Laut Manuel Becerra, emeritierter Forscher des Nationalen Forschungssystems, haben Normen zum Schutz der Umwelt Vorrang, wenn sie durch ein Freihandelsabkommen gefährdet werden. Er stellt fest, dass die mexikanischen Umweltgesetze wie auch das Genmais- und Glyphosatverbotsdekret im internationalen Recht verankert sind, das in Übereinstimmung mit der Verfassung angewendet werden muss. Das Dekret sei daher verfassungskonform und stehe im Einklang mit den internationalen Menschenrechtsbestimmungen sowie den Bestimmungen der Freihandelsabkommen, die in den letzten Jahren Verpflichtungen zum Schutz der Umwelt aufgenommen haben.
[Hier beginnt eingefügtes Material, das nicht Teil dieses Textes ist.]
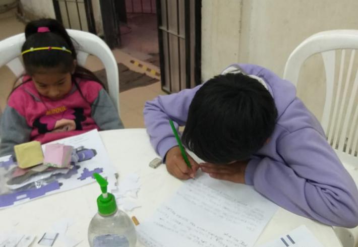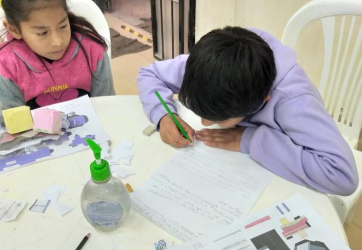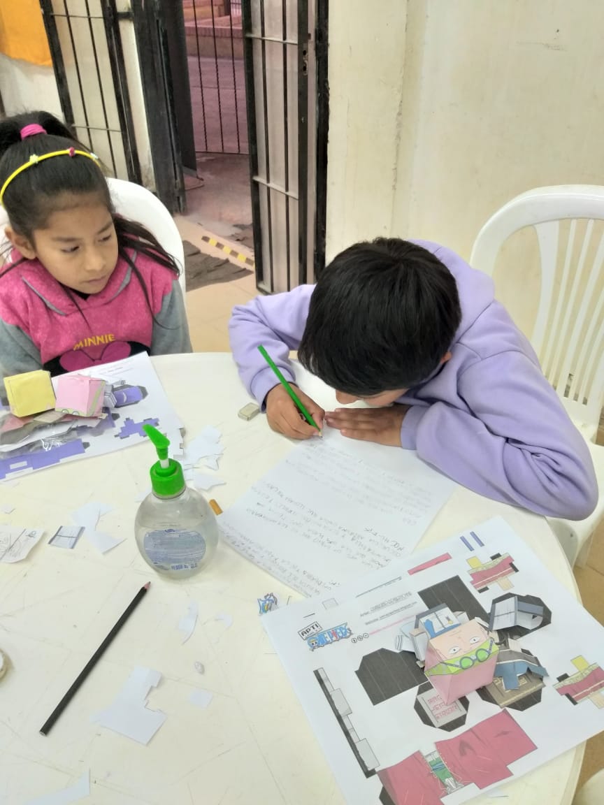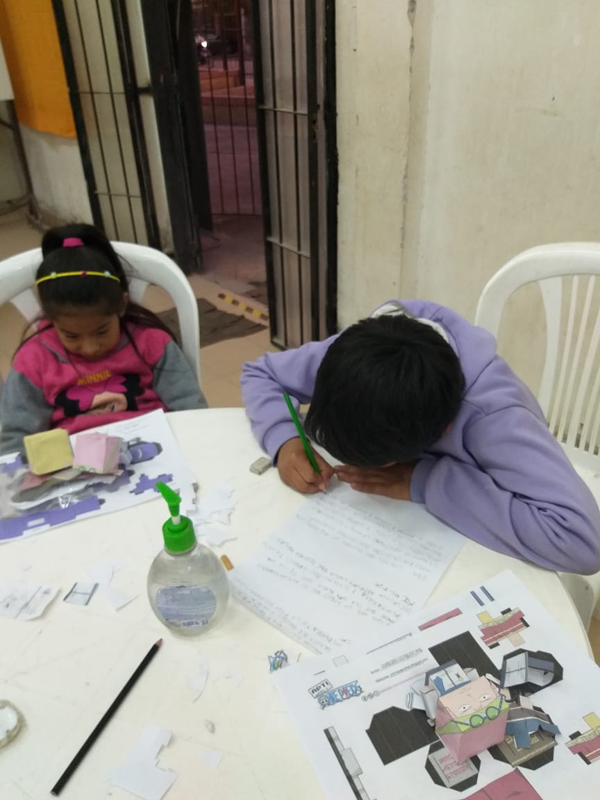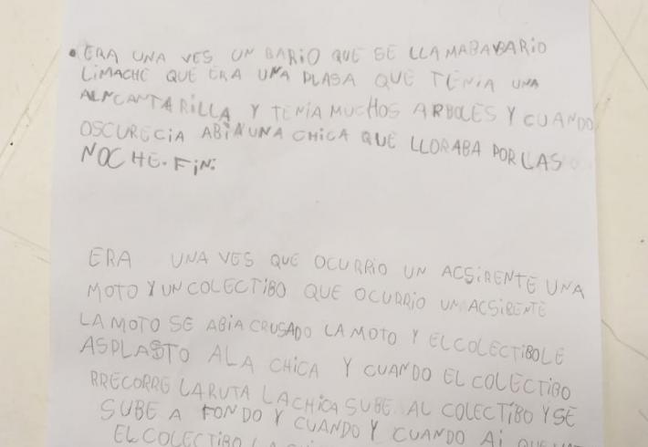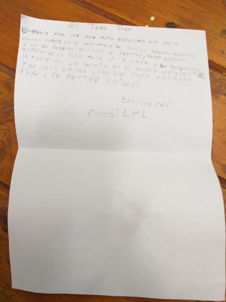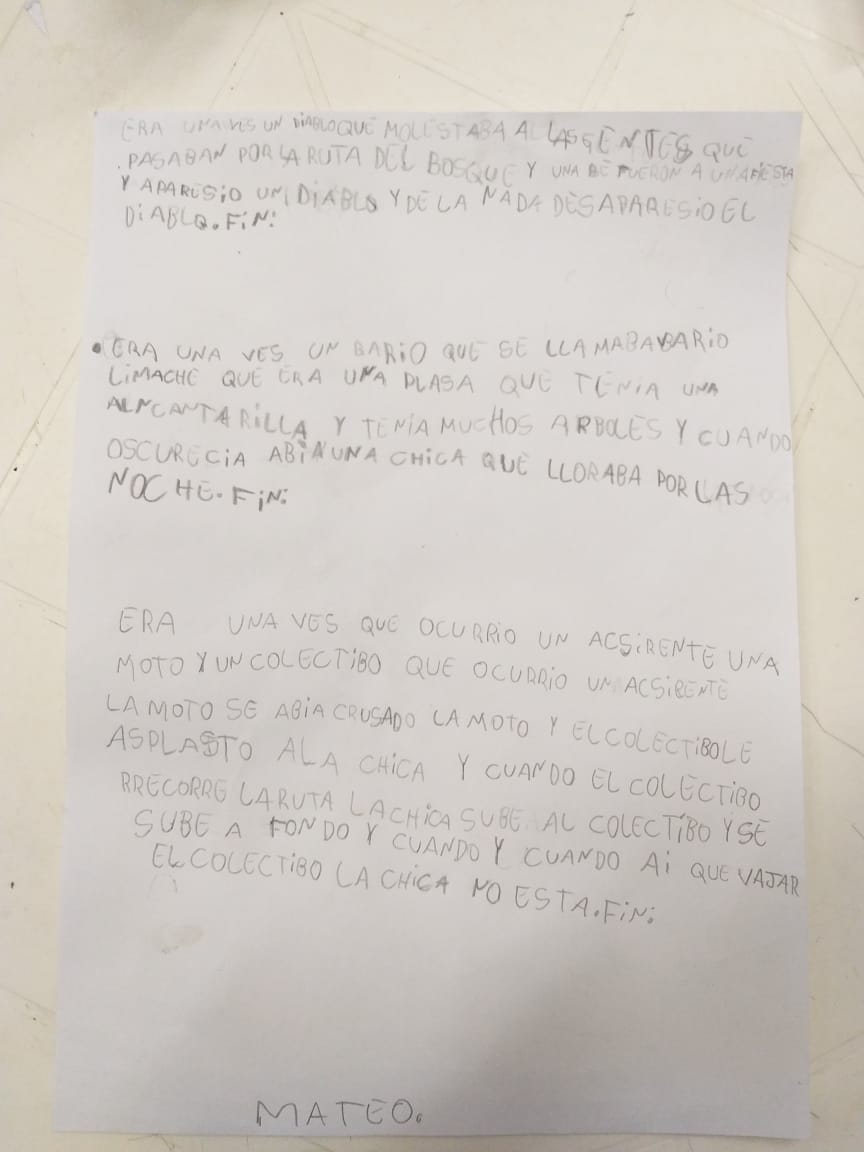 Ese momento de expresarse a través de la escritura .Sea para exteriorizar la imaginación, compartir ideas, sentimientos o bien transmitir algún suceso sobre el cual tomamos conocimiento .Mateo (en la foto) y Mauricio a través de sus escritos plasman cuentos que conocen. Lo valorable también es la espontaneidad con que ha surgido la citada actividad por parte de ellos.

Der Bericht erörtert zudem agrarökologische Alternativen zum Glyphosat-Einsatz, um Ökosysteme und die biologische Vielfalt nicht zu schädigen. Biologische "Unkrautkontrolle" ziele laut Miguel Ángel Escalona Aguilar, Wissenschaftler an der Universidad Veracruzana, darauf ab, ungewünschte Beikräuter zu regulieren, die mit den Hauptkulturen um Wasser und Nährstoffe konkurrieren.
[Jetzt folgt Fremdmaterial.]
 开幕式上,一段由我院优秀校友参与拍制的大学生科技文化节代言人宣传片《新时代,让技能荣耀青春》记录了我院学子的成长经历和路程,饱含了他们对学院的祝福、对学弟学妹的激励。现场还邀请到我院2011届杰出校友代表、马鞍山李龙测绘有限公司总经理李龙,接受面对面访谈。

Anwender:innen wie die Kaffeproduzentin Gisela Illescas Palma legen in dem Bericht dar, wie sie in Erzeugergemeinschaften seit über 15 Jahren in der Lage sind, agroökologischen Kaffee ohne den Einsatz von Glyphosat zu produzieren. Dies gelinge aufgrund einer ganzheitlichen Sichtweise des Kaffeesystems als ein Agrarökosystem, in dem Kaffee eines von mehr als 100 Produkten wie Früchten, Pilzen, Heilpflanzen, Insekten oder Brennholz ist. Der Wechsel von Monokulturen zur Agrarökologie habe es vielen Frauen ermöglicht, selbständig ihr Land zu bewirtschaften und eigene Entscheidungen zu treffen.
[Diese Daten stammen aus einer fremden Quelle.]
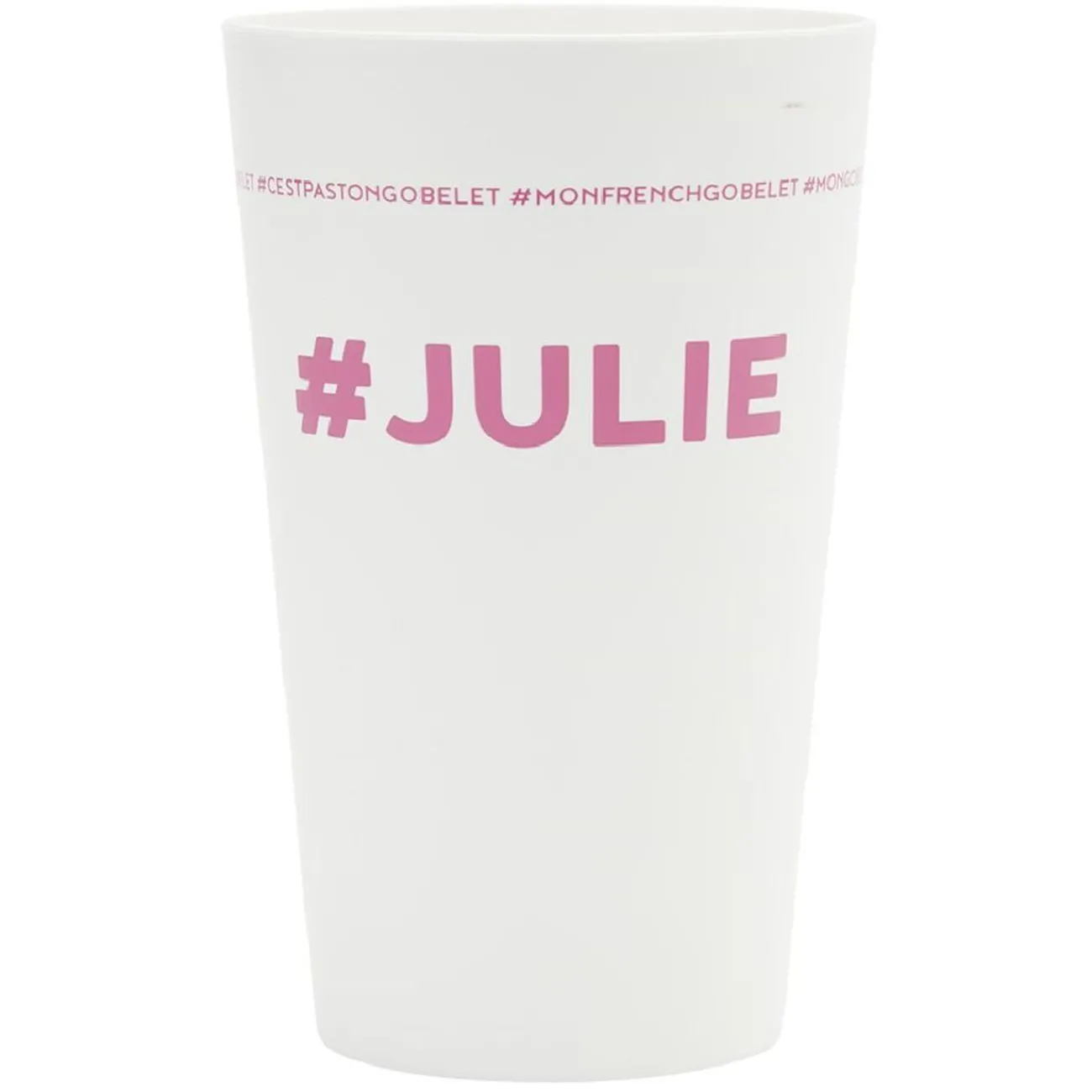 Gobelet réutilisable en plastique blanc avec inscription rose #JULIE.

Laut Viridiana Lázaro, Landwirtschafts- und Klimaexpertin bei Greenpeace Mexiko, richtet sich der neue Bericht an die Bundesbehörden, die für die Umsetzung des Präsidialdekrets verantwortlich sind. Zuständig sind verschiedene Ministerien wie das Ministerium für Umwelt und natürliche Ressourcen, das Wirtschaftsministerium, das Ministerium für Landwirtschaft und ländliche Entwicklung und das Gesundheitsministerium unter Beteiligung des Nationalen Rates für Wissenschaft und Technologie.

Das Greenpeace-Gutachten fordert die Behörden auf, den agrarökologischen Übergang zur Ernährungssouveränität durch sektorübergreifende Zusammenarbeit voranzutreiben. Daraus soll ein grundlegender Wandel auf der Grundlage agrarökologischer Prozesse und in Verbindung mit bäuerlichem Wissen zur Bekämpfung des fortschreitenden Klimaerhitzung resultieren.

Am 29. September, dem internationalen Tag des Mais, erinnerte die Kampagne "Ohne Mais gibt es kein Land" von 300 mexikanischen Nichtregierungsorganisationen daran, dass der Anbau von gentechnisch verändertem Mais den Einsatz des Herbizids Glyphosat als Teil des agroindustriellen Technologiepakets beinhaltet. Das Bündnis verteidigt daher das Präsidialdekret zum schrittweisen Glyphosat- und Genmais-Verbot, um den Schutz der biologischen Vielfalt und einheimischen Saatguts sowie der Milpa zu gewährleisten, die Teil der traditionellen mexikanischen Ernährung, der Kosmovision der indigenen und bäuerlichen Gemeinschaften sind.